A FIN24 reader asks:
I am over 66 years and I have R500 000 to invest somewhere. It is currently in a money market fund with one of South Africa's big four banks, where it is only earning 5.2% interest. I think this is very low. I do not think at my age I can afford to take any risks by putting this money into the stock market on a high risk fund with a high percentage allocated to equities and lose it all.
What would your advice be regarding this?

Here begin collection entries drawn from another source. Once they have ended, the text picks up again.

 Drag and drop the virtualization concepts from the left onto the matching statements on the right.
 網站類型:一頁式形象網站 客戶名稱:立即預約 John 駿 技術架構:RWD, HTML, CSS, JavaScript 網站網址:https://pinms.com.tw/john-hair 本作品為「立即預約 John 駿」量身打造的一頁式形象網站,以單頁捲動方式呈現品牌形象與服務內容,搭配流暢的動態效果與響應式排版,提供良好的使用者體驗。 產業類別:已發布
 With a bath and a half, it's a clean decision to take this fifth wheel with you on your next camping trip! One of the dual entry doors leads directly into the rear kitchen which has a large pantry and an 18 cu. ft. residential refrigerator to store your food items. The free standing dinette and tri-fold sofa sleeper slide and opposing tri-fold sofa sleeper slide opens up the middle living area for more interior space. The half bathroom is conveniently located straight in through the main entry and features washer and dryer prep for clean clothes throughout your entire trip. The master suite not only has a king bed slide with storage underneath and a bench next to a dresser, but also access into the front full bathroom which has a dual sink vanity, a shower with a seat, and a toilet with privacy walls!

Which is the
better option on where to invest it to get a better rate of interest?
Don Richter, a financial planner at PSG Konsult,
responds:
Even though it is comprehensible that you do not have the stomach to risk your capital depreciating at this stage of your life, you will unfortunately have to expose some of it to moderate risk in order to stand a chance at beating inflation.
Inflation destroys the value of your money incrementally on a daily basis without prominent alerts to the danger.

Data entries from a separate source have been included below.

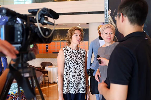 图为雷迪波尔国际客户和雷迪波尔国际事务部副总监接受媒体采访。
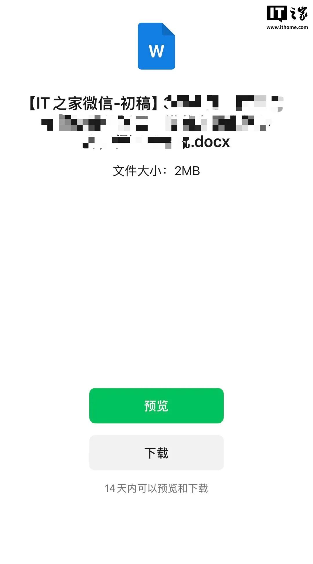 在收到主流格式的文件后,点开不再只有一个“下载”,新增“预览”。
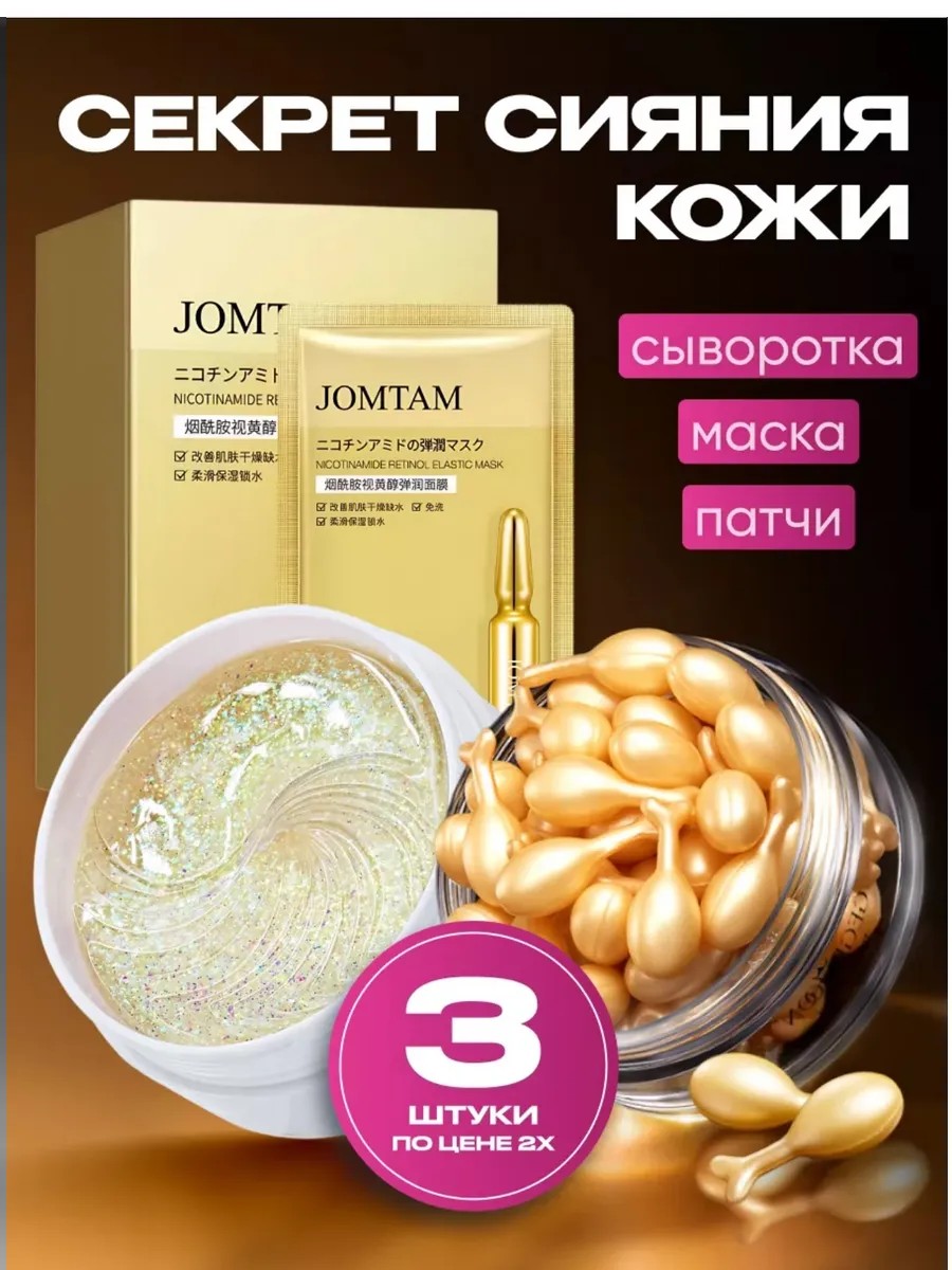 | Комплектация | Патчи - 60 шт.; Ложечка - 1 шт.; Ночные маски для лица - 30 шт.; Крем-сыворотка в капсулах - 30 шт. |
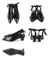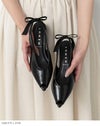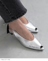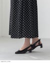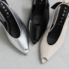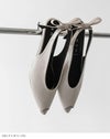 ぱっと目を惹くバックストラップについたリボンはサイズは大きめだが程よい細さでいやらしくない存在感に。変形ヒールでさらに個性をプラスしつつ、トレンドのピープトゥを合わせることで抜け感が出て全体のバランスを調節。個性的なのにスタイリッシュなデザイン性のある1足に仕上がりました。

You should seriously consider exposing at least 30% of your
capital to blue chip growth equities. Unfortunately by not exposing at least
30% to 40% of your investment capital to blue chip shares, you have little
chance of your capital outpacing the eroding effect of inflation.

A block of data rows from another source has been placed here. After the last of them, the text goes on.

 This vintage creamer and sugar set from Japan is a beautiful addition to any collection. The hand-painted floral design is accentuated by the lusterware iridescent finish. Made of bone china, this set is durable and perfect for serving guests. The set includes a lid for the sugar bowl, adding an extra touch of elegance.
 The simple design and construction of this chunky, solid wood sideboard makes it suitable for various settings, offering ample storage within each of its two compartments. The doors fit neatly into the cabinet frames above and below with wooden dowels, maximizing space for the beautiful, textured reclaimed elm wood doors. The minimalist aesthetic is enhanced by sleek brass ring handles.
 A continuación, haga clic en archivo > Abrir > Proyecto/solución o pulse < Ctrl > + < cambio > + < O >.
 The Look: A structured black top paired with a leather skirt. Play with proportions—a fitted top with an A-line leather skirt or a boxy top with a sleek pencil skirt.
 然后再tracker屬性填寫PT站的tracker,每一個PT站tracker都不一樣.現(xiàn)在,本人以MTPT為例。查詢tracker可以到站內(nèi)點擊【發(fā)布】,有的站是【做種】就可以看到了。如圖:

If you are uncertain which shares to purchase, you should consider investing in Satrix 40 exchange-traded funds. I would encourage you to investigate how to do this by going to the website www.satrix.co.za.
You should also consider investing a further 30% into
government retail bonds. We would also recommend that you opt for a shorter
term fixed rate retail bond, such as the 3-year savings bond which currently
yields an attractive 7.5% interest a year.
You can learn more about SA Retail
bonds by visiting their website www.rsaretailbonds.gov.za.